Wonderful Waters
From the Summer 2024 Issue
Sand Creek's hidden treasures
Hidden in the midst of our ever-more-densely populated urban area, Sand Creek threads furtively through an emerald ribbon of backyards on its last few miles to Lake Pend Oreille. Ducks paddle undisturbed in the quiet water. Moose wade in the shallows, otters play along the shore, and eagles and osprey patrol overhead.
With private property on both sides and few public access points, this languid stream doesn’t see the intense summer action that occurs downstream at the beach. But the creek itself is a public waterway, and as such it is a quiet haven for small, human-powered boats. Admittedly, it’s a short one—upstream of the Schweitzer Cutoff Bridge, it’s not navigable, even in a canoe in high-water summer. It is decidedly not the next great water playground of Sandpoint’s summer denizens.
Instead, it is a place of refuge. “Everything in town is being developed, built on, and changed—Sand Creek is a place to go to get away from the development surrounding us and enjoy a slice of nature,” said one appreciative local.
The question will be how to keep it that way.
Kaniksu Land Trust got involved with planning a sustainable future for this green ribbon at the request of multiple stakeholders: surrounding landowners, recreational users, local governments. It initiated the Sand Creek Connections project to envision how best to maintain this Eden as change presses in from all sides.
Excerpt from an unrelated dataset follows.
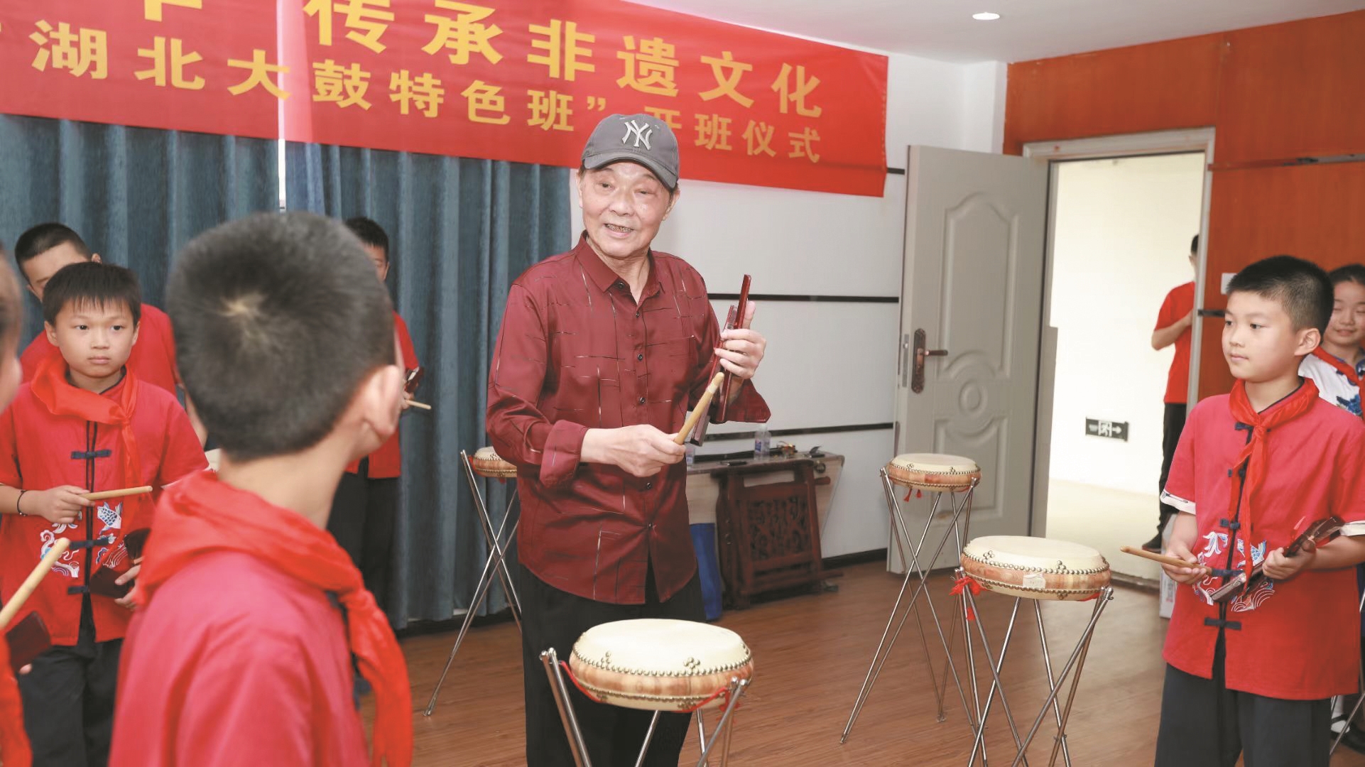 这是该校根据国家级非物质文化遗产名录中的湖北大鼓开设的湖北大鼓特色班,也是全国首个湖北大鼓特色班。开班仪式上,12位学员右手持鼓签,左手持云板,热情洋溢地用黄陂方言表演精彩曲目《党的光辉记心怀》,湖北大鼓国家级非遗传承人张明智携弟子现场传艺(如图)。
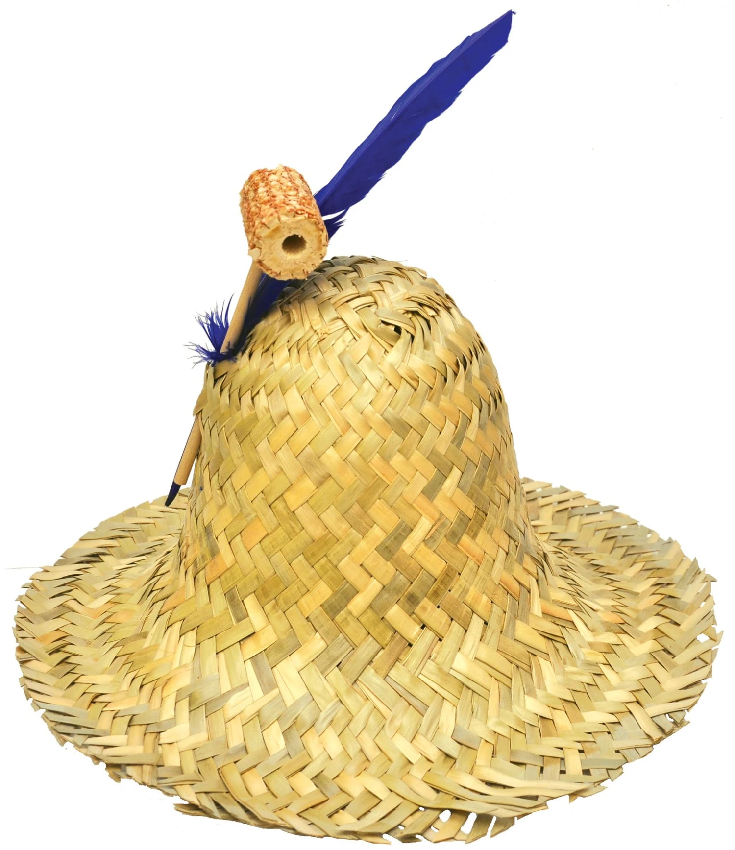 Real straw with feather and corncob pipe. One size. Brim 3 inches, height 7 1/2 inches.

As is common with KLT projects, many partners are involved. The project’s steering committee includes representatives from the city of Sandpoint, the Kinnikinnick Native Plant Society, and the city of Ponderay, as well as three property owners along the creek, and the Kalispel tribe. An advisory committee extends further to people and organizations with expertise in water quality, plants, fish, conservation education, and land use planning.
The National Park Service has been involved too, in what is perhaps a first for our area. Its Rivers, Trails, and Conservation Assistance program has provided planning and technical assistance.
The goal is to create a community vision document with action strategies based on community goals. This will serve as the basis for more public engagement at an open house during the summer of 2024.
Access to the creek is currently quite limited. Visitors can launch their craft at City Beach or at the east end of the Bridge Street Bridge. (By 2025 they will have another option after the city builds a planned small-craft launch at the Visitor Center on Highway 95.) They can paddle north as far as Cedar Park, a little-known and quite small public area just upstream of the Schweitzer Cutoff Bridge. There, in summer’s high water, they might step out of their probably-aground craft and have a picnic ashore.
Or they can launch on the west side of Popsicle Bridge, which is public property, but problematic. “The Popsicle bridge gets a lot of use,” said Regan Plumb, conservation director for KLT. “The access is terrible to get your canoe or kayak in, but people still do it. And there’s no parking. There’s no trash [can], there’s no bathroom.” The resulting accumulation of human detritus is an annoyance to those who are otherwise fortunate to live nearby.
In the future, there might be more access at a site just downstream that KLT owns and plans to give to the Kalispel tribe. The tribe plans to keep it open to the public, while leaving it in its natural state.
Because much of the land along the shore is privately owned, there is little hope for any extension of the creekside walking and biking trail that runs from the Bridge Street Bridge north under the highway and on to Popsicle Bridge. But there is still hope for a trail along the west side, below the big new houses. Many in Sandpoint recall that when the University of Idaho sold this creekside land to private developers, there was a promise that a public trail would be created next to the water. Conversations and negotiations continue about this path, which will extend south from the Popsicle Bridge.
But is encouraging access to this remarkable sliver a good idea? It appears to be the best alternative. A survey of neighbors and other interested parties, conducted this past winter, indicates that they want the creek to continue as a haven of peace and quiet. But they know that people will continue to come, and they recognize that planning for them is their best hope to preserve it.
Beyond the desire for peace and quiet is the question of how human use will affect the water’s cleanliness and clarity. Upstream it is, after all, a source of drinking water for the city. “Water quality is huge, a really high priority, and something that keeps coming up over and over in all of our outreach,” said Plumb. Numerous comments on the survey mentioned the presence of invasive plants, and the vision will include a strategy to mitigate those and encourage the return of displaced natives.
But if people are to continue using the creek without damaging it, education will be a necessity. That is part of the project, too, although the form it will take is as yet unspecified. The idea is that public access points can be used to help people understand how they can visit in a way that keeps the waterway healthy. In order to minimize signage in the natural environment, a mobile app is one of the options being considered.
Hopeful quiet paddlers, wildlife lovers, and shoreside walkers should keep an eye on KLT’s website (www.kaniksu.org) to find out the date of the open house this summer. A draft of the vision document may be on the website as well. Planning will wrap up by the end of 2024, when grant writing to fund the vision will begin.